→ Action item:
Beginning with the line containing "High quality 14" and ending with the line containing "Goal absorbs impact", write out each line of the records below exactly; pictures and lines outside that range are left out.

→ Listed records:
========
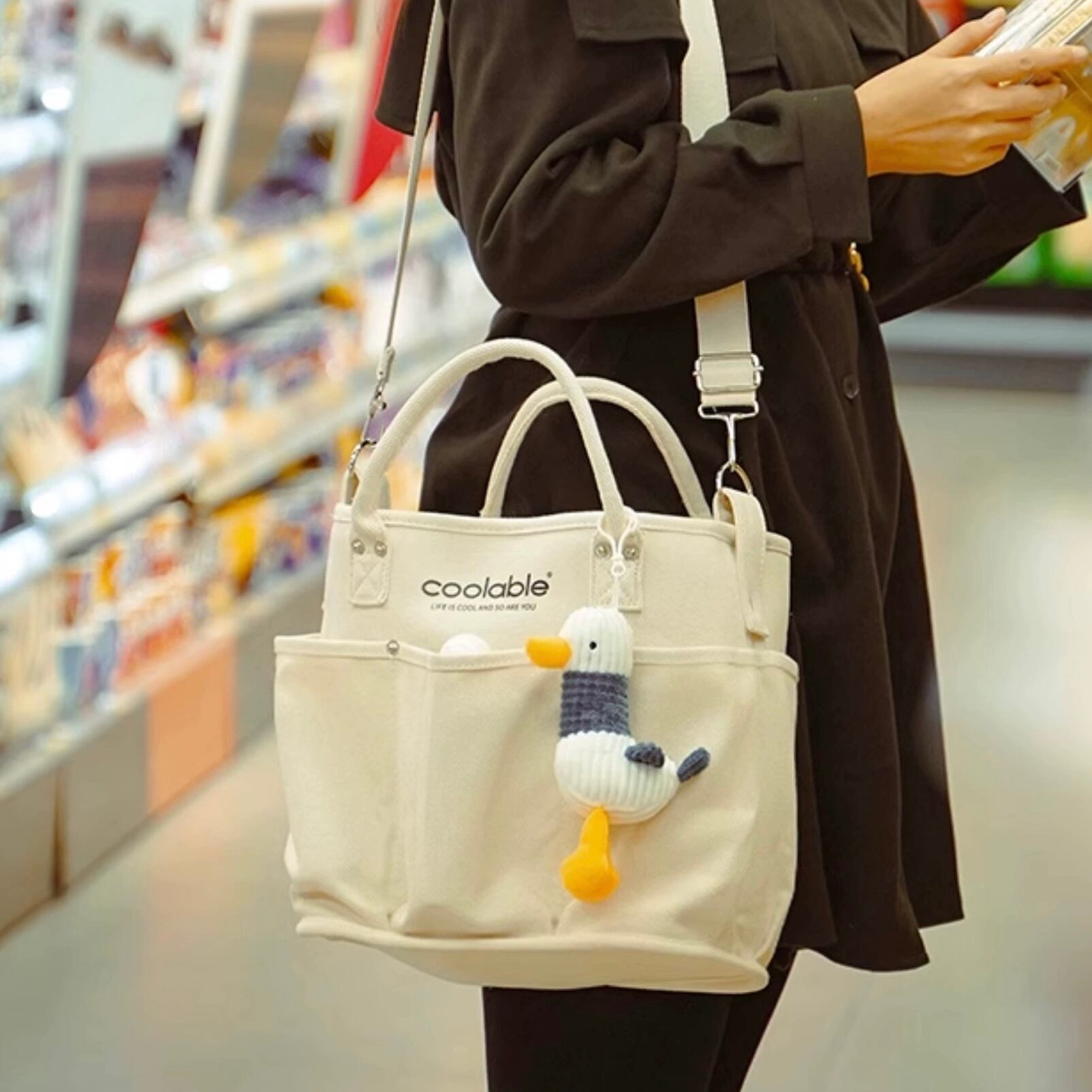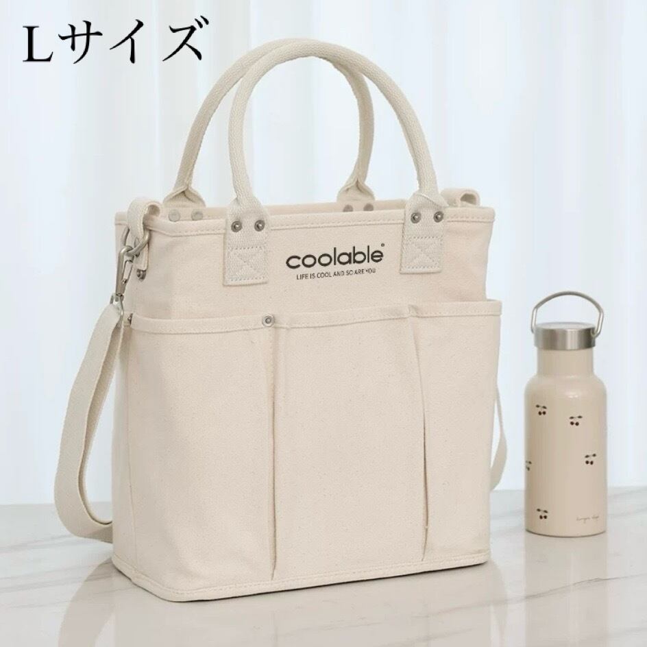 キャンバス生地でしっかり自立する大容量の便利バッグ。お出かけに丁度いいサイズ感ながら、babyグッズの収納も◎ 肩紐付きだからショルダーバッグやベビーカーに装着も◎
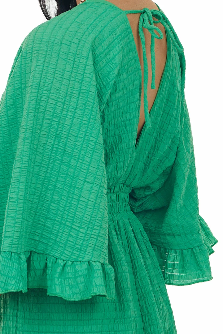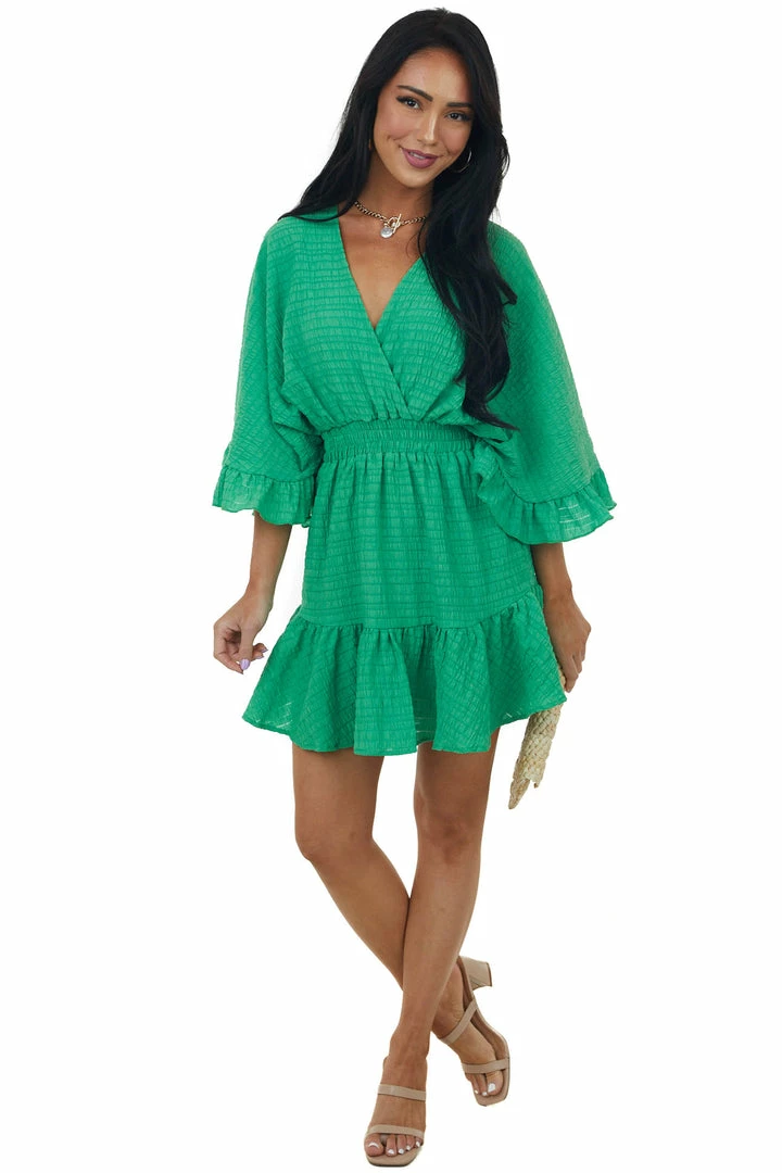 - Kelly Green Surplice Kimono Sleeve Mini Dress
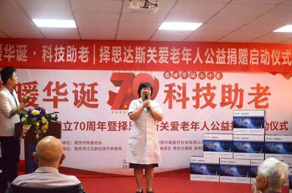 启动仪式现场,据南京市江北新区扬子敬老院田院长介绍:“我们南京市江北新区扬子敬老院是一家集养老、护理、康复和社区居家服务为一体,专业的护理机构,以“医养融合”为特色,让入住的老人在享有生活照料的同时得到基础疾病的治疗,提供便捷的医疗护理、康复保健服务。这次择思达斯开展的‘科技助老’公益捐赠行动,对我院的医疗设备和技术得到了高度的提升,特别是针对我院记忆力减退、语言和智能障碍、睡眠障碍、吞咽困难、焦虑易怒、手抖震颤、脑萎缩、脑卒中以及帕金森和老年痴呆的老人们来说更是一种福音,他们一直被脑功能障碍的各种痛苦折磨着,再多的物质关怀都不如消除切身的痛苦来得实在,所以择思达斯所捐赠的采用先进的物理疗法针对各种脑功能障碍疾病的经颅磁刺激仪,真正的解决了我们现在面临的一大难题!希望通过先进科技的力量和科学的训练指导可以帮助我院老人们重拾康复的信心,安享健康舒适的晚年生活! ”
========
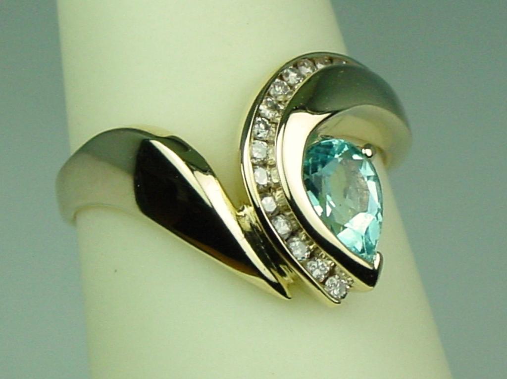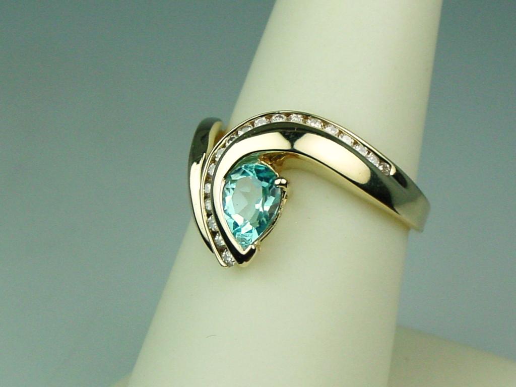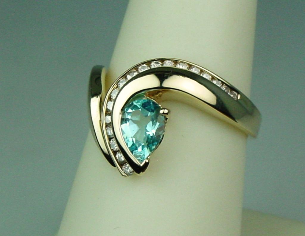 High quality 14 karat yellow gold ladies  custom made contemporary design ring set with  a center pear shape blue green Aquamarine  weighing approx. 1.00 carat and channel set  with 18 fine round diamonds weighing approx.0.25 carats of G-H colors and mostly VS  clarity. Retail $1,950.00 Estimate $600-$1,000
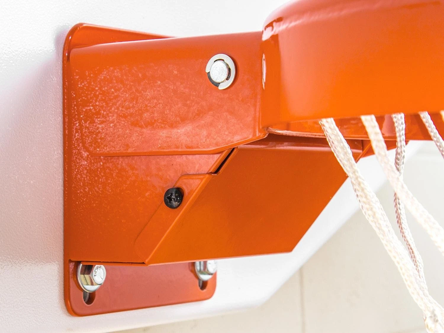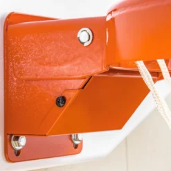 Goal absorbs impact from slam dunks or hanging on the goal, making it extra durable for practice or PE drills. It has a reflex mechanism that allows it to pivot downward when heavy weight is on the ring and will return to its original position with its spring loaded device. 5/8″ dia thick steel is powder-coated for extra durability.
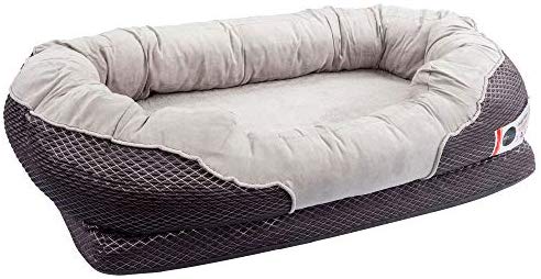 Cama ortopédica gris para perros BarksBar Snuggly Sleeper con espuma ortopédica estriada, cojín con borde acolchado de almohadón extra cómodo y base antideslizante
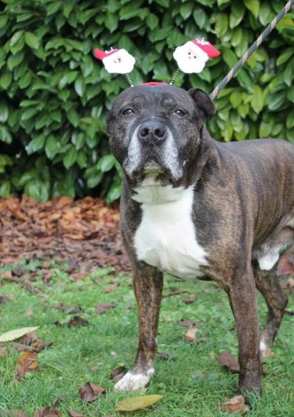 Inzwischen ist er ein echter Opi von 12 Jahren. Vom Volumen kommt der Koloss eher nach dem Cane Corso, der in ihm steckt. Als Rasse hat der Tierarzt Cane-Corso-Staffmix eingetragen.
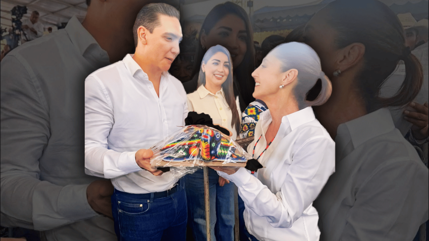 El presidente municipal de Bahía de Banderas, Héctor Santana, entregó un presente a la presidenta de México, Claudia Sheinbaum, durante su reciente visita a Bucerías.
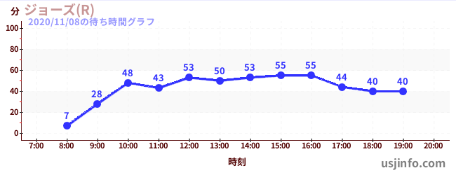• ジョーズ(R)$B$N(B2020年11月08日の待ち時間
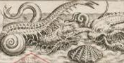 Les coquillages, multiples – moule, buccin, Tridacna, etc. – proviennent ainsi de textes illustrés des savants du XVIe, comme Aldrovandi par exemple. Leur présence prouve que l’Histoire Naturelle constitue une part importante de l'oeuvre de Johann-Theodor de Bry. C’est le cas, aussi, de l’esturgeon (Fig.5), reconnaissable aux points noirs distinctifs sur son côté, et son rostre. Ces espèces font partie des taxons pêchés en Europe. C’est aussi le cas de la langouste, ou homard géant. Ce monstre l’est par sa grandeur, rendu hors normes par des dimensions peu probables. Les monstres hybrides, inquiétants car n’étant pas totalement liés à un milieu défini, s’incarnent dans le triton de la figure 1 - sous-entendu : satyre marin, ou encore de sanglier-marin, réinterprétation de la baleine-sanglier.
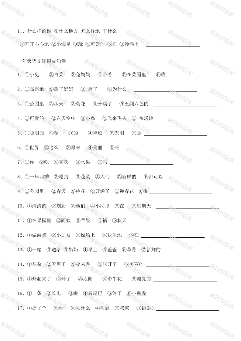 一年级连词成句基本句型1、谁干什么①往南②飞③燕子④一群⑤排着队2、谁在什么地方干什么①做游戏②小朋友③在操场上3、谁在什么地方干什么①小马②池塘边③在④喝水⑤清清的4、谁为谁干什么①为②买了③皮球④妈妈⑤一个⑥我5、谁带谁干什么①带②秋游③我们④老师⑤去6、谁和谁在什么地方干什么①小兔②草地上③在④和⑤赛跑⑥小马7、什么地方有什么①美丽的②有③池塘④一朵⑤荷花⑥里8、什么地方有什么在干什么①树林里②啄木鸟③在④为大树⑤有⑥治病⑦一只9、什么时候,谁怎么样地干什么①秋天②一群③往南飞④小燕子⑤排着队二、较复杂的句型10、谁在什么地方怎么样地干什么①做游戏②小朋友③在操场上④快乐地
========
→ Answer space:
 High quality 14 karat yellow gold ladies  custom made contemporary design ring set with  a center pear shape blue green Aquamarine  weighing approx. 1.00 carat and channel set  with 18 fine round diamonds weighing approx.0.25 carats of G-H colors and mostly VS  clarity. Retail $1,950.00 Estimate $600-$1,000
 Goal absorbs impact from slam dunks or hanging on the goal, making it extra durable for practice or PE drills. It has a reflex mechanism that allows it to pivot downward when heavy weight is on the ring and will return to its original position with its spring loaded device. 5/8″ dia thick steel is powder-coated for extra durability.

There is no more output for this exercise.